+++ Available data +++

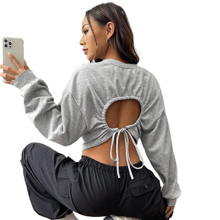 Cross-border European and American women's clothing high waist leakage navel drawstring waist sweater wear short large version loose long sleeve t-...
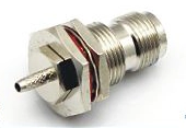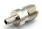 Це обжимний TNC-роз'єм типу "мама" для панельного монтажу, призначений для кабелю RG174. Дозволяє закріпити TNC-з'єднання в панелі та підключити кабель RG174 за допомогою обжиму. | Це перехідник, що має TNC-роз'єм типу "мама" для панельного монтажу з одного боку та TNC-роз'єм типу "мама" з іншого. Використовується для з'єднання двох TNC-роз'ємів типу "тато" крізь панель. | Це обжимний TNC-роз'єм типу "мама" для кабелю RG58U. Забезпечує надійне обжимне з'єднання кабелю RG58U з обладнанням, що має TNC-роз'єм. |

+++
+++ Available data +++

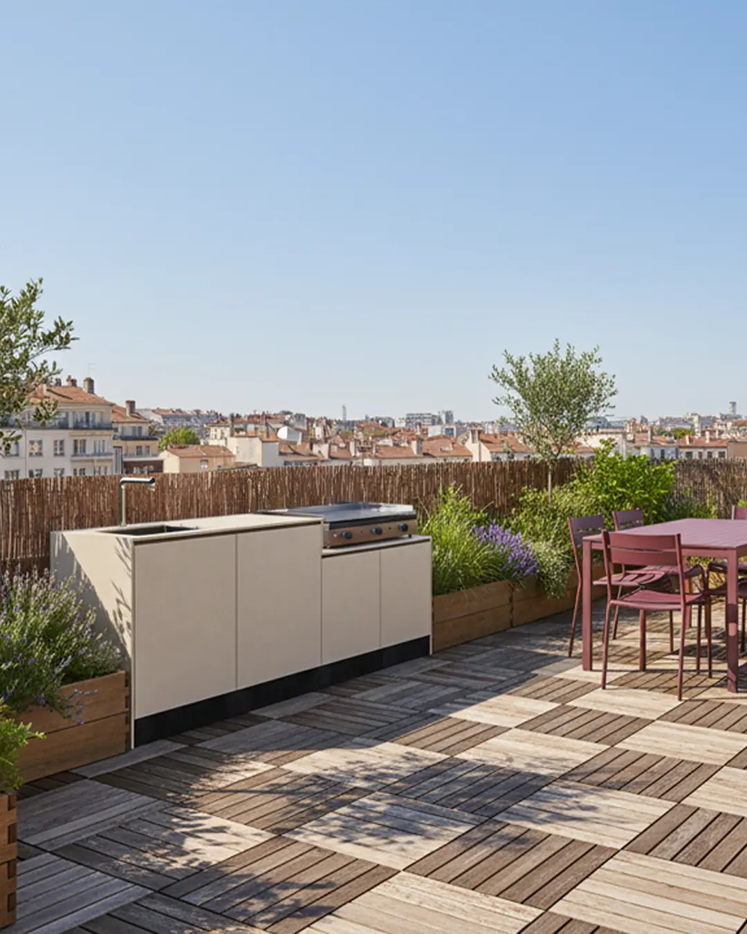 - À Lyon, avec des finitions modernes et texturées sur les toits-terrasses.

+++

Nothing but the lines from the one containing "Cross-border European and" through the one containing "має TNC-роз'єм. |" should appear, copied exactly from the material above and without pictures.

• [Result]:
 Cross-border European and American women's clothing high waist leakage navel drawstring waist sweater wear short large version loose long sleeve t-...
 Це обжимний TNC-роз'єм типу "мама" для панельного монтажу, призначений для кабелю RG174. Дозволяє закріпити TNC-з'єднання в панелі та підключити кабель RG174 за допомогою обжиму. | Це перехідник, що має TNC-роз'єм типу "мама" для панельного монтажу з одного боку та TNC-роз'єм типу "мама" з іншого. Використовується для з'єднання двох TNC-роз'ємів типу "тато" крізь панель. | Це обжимний TNC-роз'єм типу "мама" для кабелю RG58U. Забезпечує надійне обжимне з'єднання кабелю RG58U з обладнанням, що має TNC-роз'єм. |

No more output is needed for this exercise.